I have accidentally changed the root user from administrator type to basic type in the user account page, and now i have no whatever root previligaes on the system, how i can switch back to administrator type?

  • is it even possible?
    – green
    Apr 8, 2013 at 18:02
  • @green7 Yes, he didn't actually change the root user, he just changed the only normal account with admin privileges (so able to use sudo) to one without admin privileges (unable to use sudo). Apr 8, 2013 at 18:03
  • @green7 Although I do admit, the gui shouldn't really let you do that. Fair enough allowing removal from sudo using the command line, but the gui shouldn't allow a user to accidentally lock themselves out of making system changes. Apr 8, 2013 at 18:15
  • @green7 worst case you can fix these sorts of problems by booting an alternate OS and using a recovery/penetration tool to overwrite the existing accounts/permissions with new ones. Apr 8, 2013 at 19:04
  • @DanNeely I was thinking on similar lines. Probably just adding the username to /etc/group using a live CD would work?
    – green
    Apr 8, 2013 at 19:05

3 Answers 3


Assuming you have not actually changed the root user but removed the first user from the list of administers then this is relatively easy to fix.

Press CTRL+ALT+T and enter id

You should see something similar to.

~$ id
uid=1000(warren) gid=1000(warren)groups=1000(warren),4(adm),24(cdrom),27(sudo),30(dip),46(plugdev),109(lpadmin),124(sambashare)

If this shows sudo you should be an administrator. In Ubuntu prior to 12.04 the group was admin If not this is the problem.

First you need to boot to a root shell if you don't normally see grub when you boot hold SHIFT.

You should see something like this:


Select recovery mode, then drop to root shell.


Finally mount the file system read write

mount -o rw,remount /

If the problem was that you were not in the sudo group it can be fixed with

usermod -aG sudo warren

replacing warren with your user name. If you are not sure what the user name should be it was the uid= field from the id command you ran earlier.

replace sudo with admin if you are using a version of Ubuntu prior to 12.04.

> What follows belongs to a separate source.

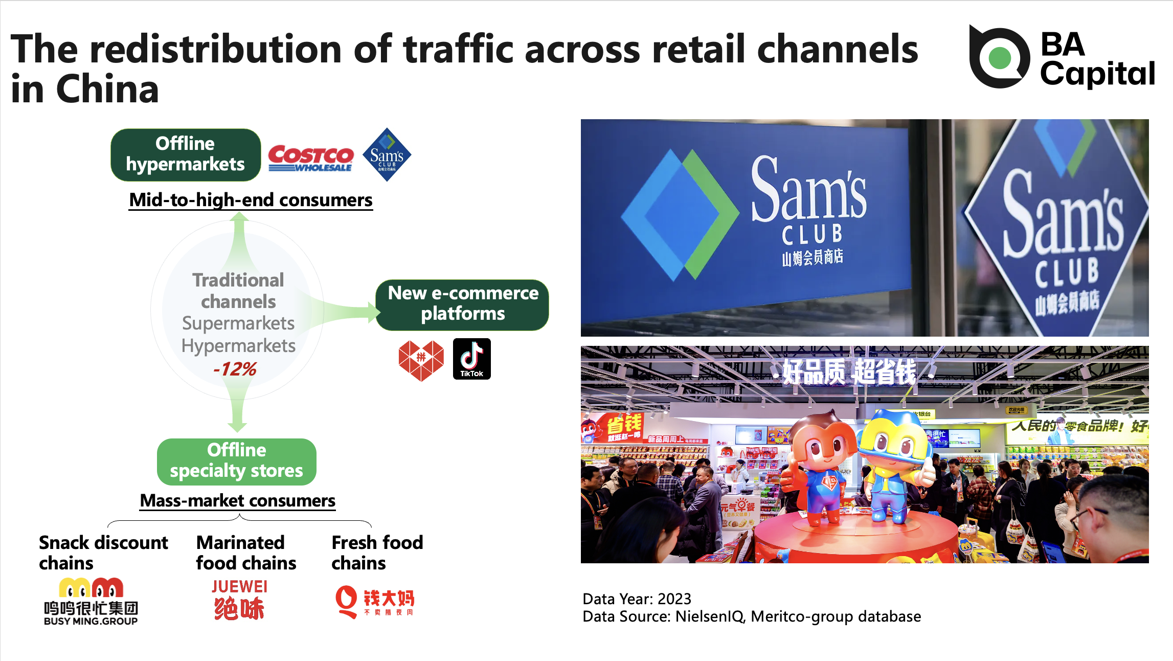 Traditional hypermarkets have seen their traffic redistributed: mid-to-high-end consumers have migrated to membership-based warehouse clubs such as Sam’s Club and Costco; product categories that are better suited to the efficiency of e-commerce have shifted toward platforms like Pinduoduo and Douyin; mass-market consumers have gravitated toward category-specific offline specialty chains offering optimal efficiency for each segment, such as snack discount chains, marinated food chains, and fresh food chains.
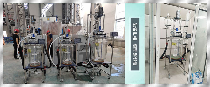 80~100L調(diào)速玻璃反應釜主要是通過調(diào)節(jié)恒壓漏斗或加料瓶上的調(diào)節(jié)閥控制物料均勻滴加,利用冷凝器的熱交換功能蒸餾回收反應產(chǎn)物,用于中試級物料的合成、蒸餾、濃縮等實驗。釜體有單層、雙層及三層三種。常與高溫/低溫/恒溫循環(huán)器,高低溫循環(huán)裝置,隔膜真空泵,循環(huán)水式多用真空泵組成配套裝置,滿足生產(chǎn)需求。

Another less likely possibility is that you have changed the sudoers file

If this is the problem then enter


Edit this file to look like this (12.04 default):

# This file MUST be edited with the 'visudo' command as root.
# Please consider adding local content in /etc/sudoers.d/ instead of
# directly modifying this file.
# See the man page for details on how to write a sudoers file.
Defaults    env_reset
Defaults    secure_path="/usr/local/sbin:/usr/local/bin:/usr/sbin:/usr/bin:/sbin:/bin"

# Host alias specification

# User alias specification

# Cmnd alias specification

# User privilege specification
root    ALL=(ALL:ALL) ALL

# Members of the admin group may gain root privileges
%admin ALL=(ALL) ALL

# Allow members of group sudo to execute any command
%sudo   ALL=(ALL:ALL) ALL

# See sudoers(5) for more information on "#include" directives:

#includedir /etc/sudoers.d

At the grub boot selection screen (if this doesn't show up hold shift at boot) select ubuntu recovery mode and press enter, then select root terminal (or something similar it may be called root shell) from the list of options. Then type mount -o rw,remount / to gain read/write access to the filesystem. Then type adduser adminusernamehere sudo to give the admin user that you changed to standard sudo (root) privileges.


Go to the User Accounts.

Image from Eliah Kagan's answer to How to manage users and groups?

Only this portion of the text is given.